In terms of severity of ventilatory function and respiratory failure, the patients were comparable to those in the MRC (LTOT)4and NOTT5 series although insufficient data are available to make comparisons of BMI or lung mechanics. In those series the mean Pao 2 and Paco 2 were 6.7 kPa and 7.3 kPa, and 6.8 kPa and 5.8 kPa, respectively. A mean FEV1 of 0.98 litres (37% predicted) in our patient group compares with 0.76 litres in the MRC trial and 29.5% predicted in the NOTT trial, and mean age and sex were similar. In the MRC (LTOT) trial about 45% of patients had died at three years, some 30% in the first 500 days whereafter the mortality fell to about 12% each year in the treated group. In the NOTT trial about 12% had died in the first 12 months, and 22% at two years. Those patients whose Sao2 fell below 85% during sleep were at particular risk. Although arterial blood gas tensions of the patients in this series were more severely impaired, survival was considerably improved compared with those trials despite deteriorating pulmonary function. Although this is a group with a poor prognosis,6no patient died during the first two years of treatment. The median survival was 920 days (the longest surviving for over four years), suggesting that intervention with NIPPV had a significant impact on survival.

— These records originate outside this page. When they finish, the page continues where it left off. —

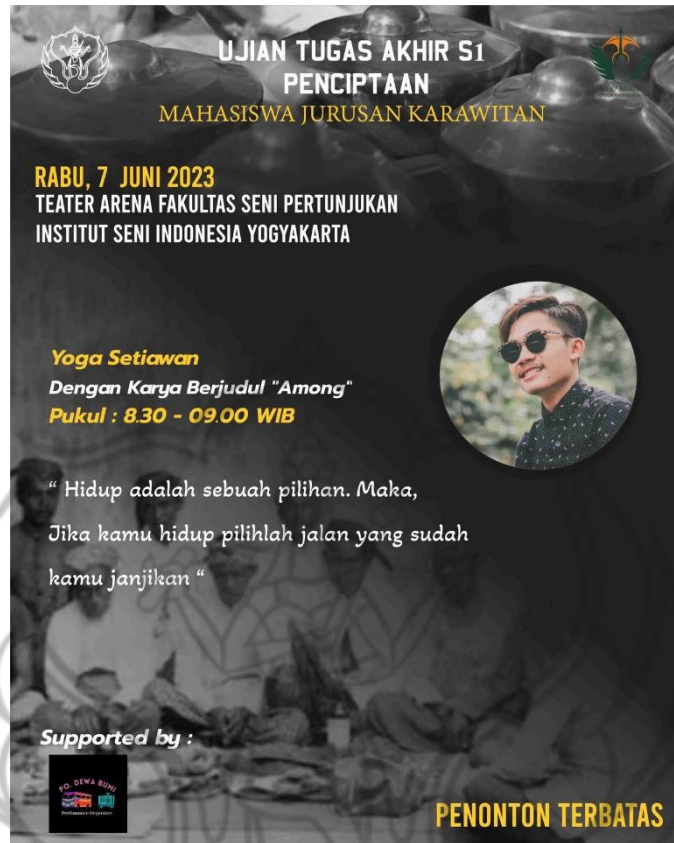
Gambar 19. Poster Pementasan Karya Among
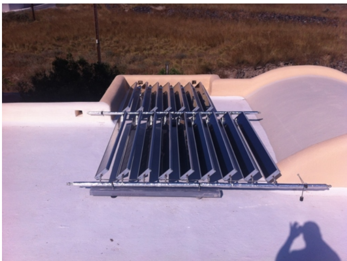
A slight inclination is necessary for open circuit systems. On closed pressurised circuits the installation can be flat.
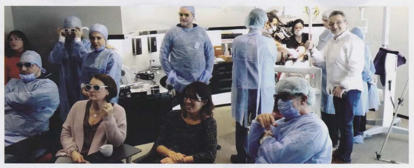
Figure 6: Learning on site

With the ø 2.4mm — Condenser, the condensation is performed for the whole implant working length +2mm. While leaving the Condenser, you start with the preparation. By means of the Angle Modulator, the three layers (vestibular lamella, periosteum, and attached gingiva) are mobilized vestibularly.
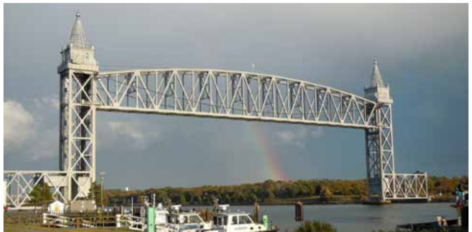
The Cape Cod Canal Railroad Bridge is operated and maintained by the New England District.
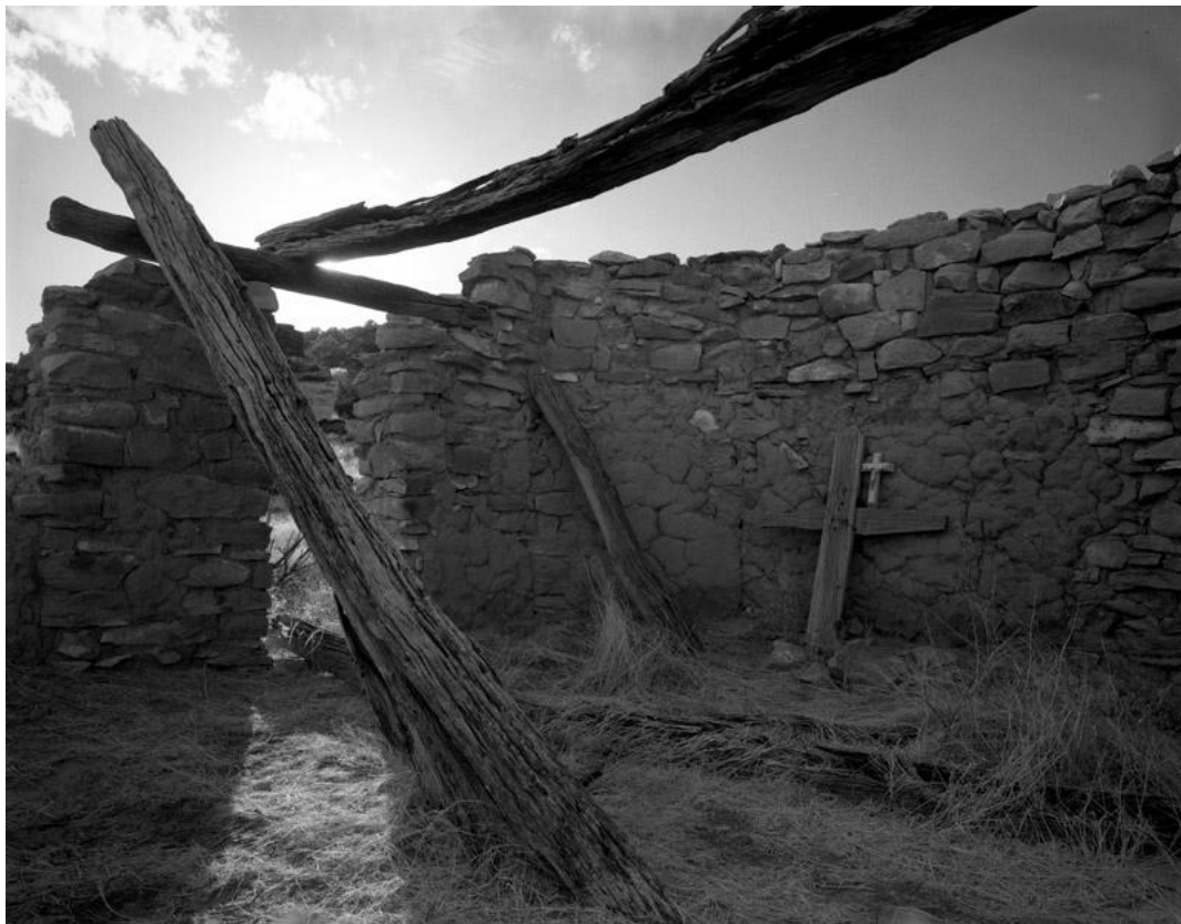
Dolores Mission, Purgatory River, Colorado
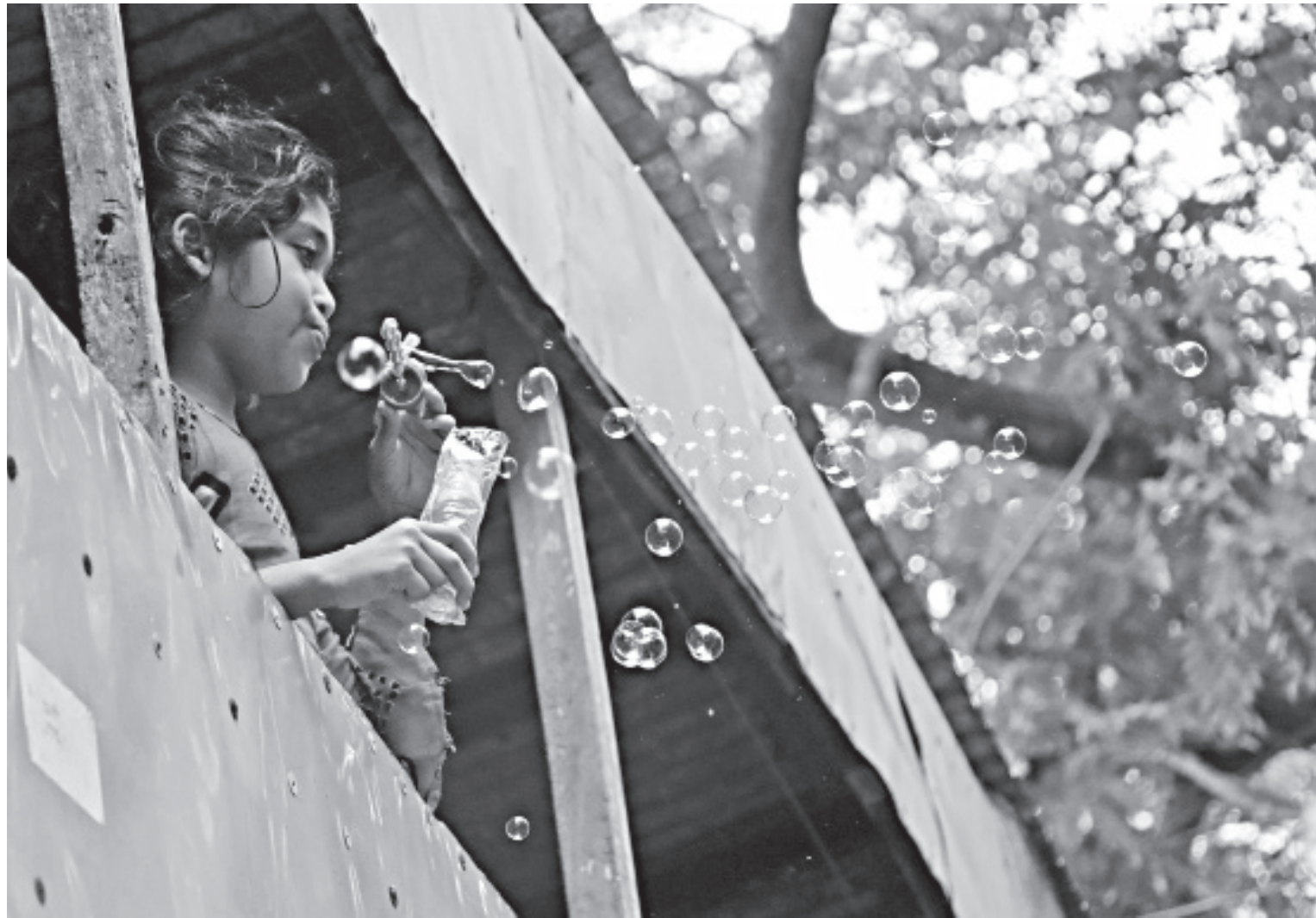
SIMPLE JOYS OF LIFE... A girl plays with bubbles in her balcony in Barishal city's Chadmari area. Her face lights up as she dips one end of a pipe into soap water and blows through it to shoot bubbles into the air.
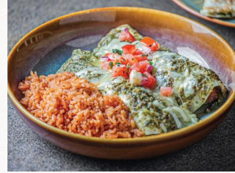
Red Snapper Enchiladas
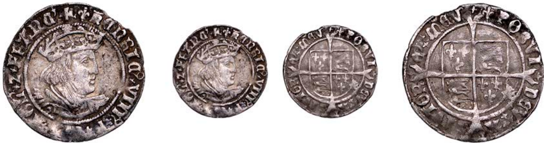
152 Second coinage, Groat, Tower mint, mm. lis, bust D, reads AGL Z FRANC, saltires in forks, 2.34g/12h (Whitton iii; N 1797; S 2337E). Minute edge chip and a few light scuffs, otherwise very fine, clear portrait £120-£150
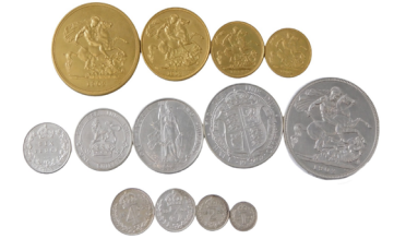
A 1902 specimen coin set, ranging from an Edward VII gold five pound coin, double sovereign, sovereign, half sovereign, crown, etc., in fitted leather case. SOLD for £4,400
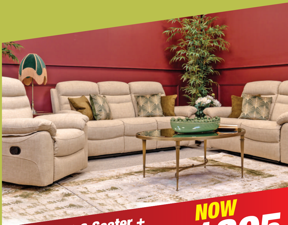
Arvo 3 + 1 3 Seater + Armchair WAS €2290
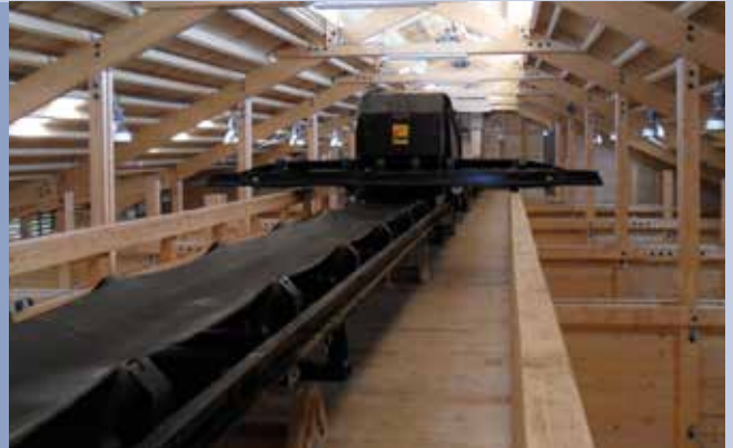
■ Warehouse cells loading system
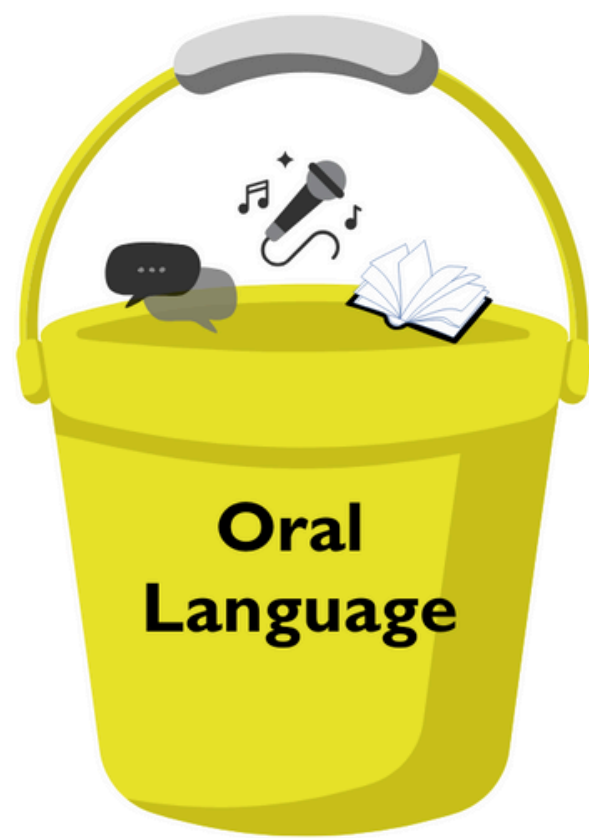
Talk, Read, Sing

Early literacy skills are the foundational abilities that children begin to develop before they start formal reading and writing instruction and are the essential content needed to become proficient readers and writers. These skills are important for future academic success and are instructional priorities in the early years of schooling.
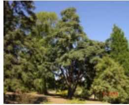
T11307 Cedrus atlantica f. glauca

Because there was no survival benefit until after 500 days (in men), the MRC trial suggested that patients with advanced disease might not be salvageable. The extended survival of our patients, however, lends support to the idea that NIPPV is an adjunct that should be considered in all cases of chronic type II respiratory failure unresponsive to LTOT, particularly where there is evidence of worsening hypoventilation during sleep. Addition of NIPPV to LTOT improves quality of life.7 LTOT alone does not,8 nor does it reduce the frequency of hospital admission.

Previous reports of the effects of NIPPV in type II respiratory failure due to chronic airways obstruction over shorter follow up periods have produced similar results, but not all patients in this category will respond so well.9 ,10 Elliott et al 11 found that only seven out of 12 patients continued with treatment over 12 months. Those who did so had fewer symptoms (so may not have perceived the benefit), and others did so because of loss of confidence in equipment and possibly lack of training. We agree with Meecham Jones et al 7that these patients take to their new treatment much more readily if they are stabilised during a period in hospital when the beneficial effects on excessive diurnal somnolence and intellectual function can be definitively demonstrated. Specialised nursing and medical support appears to be essential.

Domiciliary NIPPV produces significant and sustained improvements in arterial blood gas tensions in patients with severe COPD and hypercapnoeic respiratory failure unresponsive to other treatments, reducing both hospital admissions and demand on general practitioner resources. Although the number of patients is small, the encouraging results of treatment suggest that prospective studies with clearly defined enrolment criteria in a larger group of patients are urgently required.


The authors acknowledge the assistance of Dr Abdullah Eid with statistical analysis.